As a concrete example say we have a &[u8] containing “3foo3bar3baz4quux” and want to parse it into vec![“foo”, “bar”, “baz”, “quux”]. This is easily accomplished by defining a couple of nom parser combinators:


named!(strings<Vec<&str>>,
       many0!(map_res!(length_value!(ascii_num, rest), str::from_utf8))
);

named!(ascii_num<usize>,
       map_res!(map_res!(take_while!(is_digit), str::from_utf8), usize::from_str)
);

fn main() {
    let input  = b"3foo3bar3baz4quux";
    let expect = vec!["foo", "bar", "baz", "quux"];
    let output = strings(input).unwrap().1;
    assert_eq!(expect, output);
}

In real-world use the input slice may contain only partial data, for example “3foo3bar3baz4q”, in which case the parser will return IResult::Incomplete. Or it may contain multiple messages, e.g. “3foo3bar 3baz4quux”, and the parser will return the parsed results plus the remaining bytes.

Buffers

If we’re reading data from the network into a fixed-size buffer which is passed to the parser then we must copy any partial or remaining bytes somewhere else before the next read overwrites them. When more data is received it can be appended to the existing data and passed to the parser again.

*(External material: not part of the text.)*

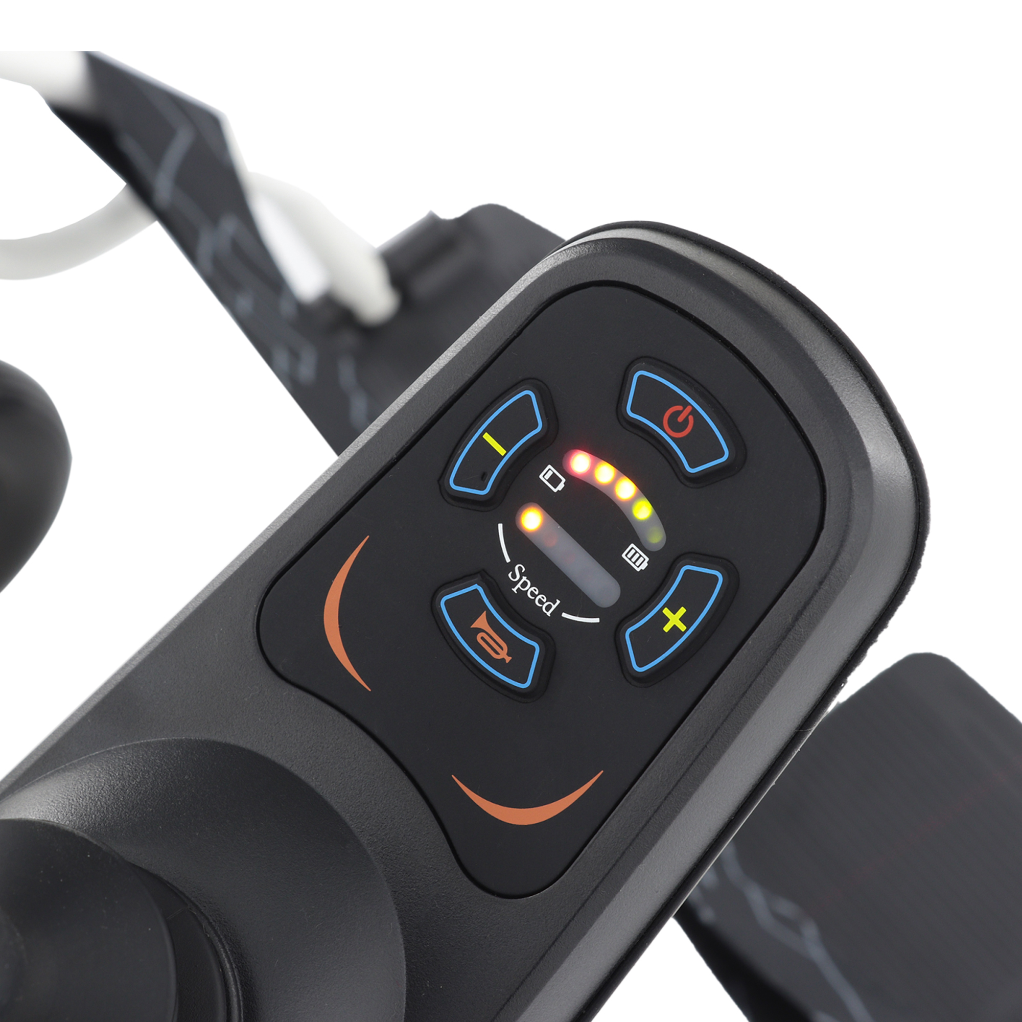 - Подходит для людей с разными физическими возможностями благодаря регулируемым подножкам и джойстику.

Copying is expensive so we should parse directly from the input buffer whenever possible and only copy when there is existing data that the input must be appended to. Here is a Buffer type containing a Vec to store these partial or remaining bytes:


pub struct Buffer {
    vec: Vec<u8>
}

impl Buffer {
    pub fn new() -> Buffer {
        Buffer {
            vec: Vec::new(),
        }
    }

    pub fn buf<'a: 'b, 'b>(&'a mut self, more: &'b [u8]) -> Buf<'b> {
        if self.vec.is_empty() {
            Buf::Empty(&mut self.vec, more)
        } else {
            self.vec.extend_from_slice(more);
            Buf::Some(&mut self.vec)
        }
    }
}

The buf(..) method is called with a reference to the input buffer and returns a Buf that can be passed to the parser as a &[u8] via the Deref trait. The lifetimes (<‘a: ‘b, ‘b>) are a bit gnarly because the compiler must be told that the returned Buf has the same lifetime as the input buffer which may be shorter than the lifetime of the Buffer.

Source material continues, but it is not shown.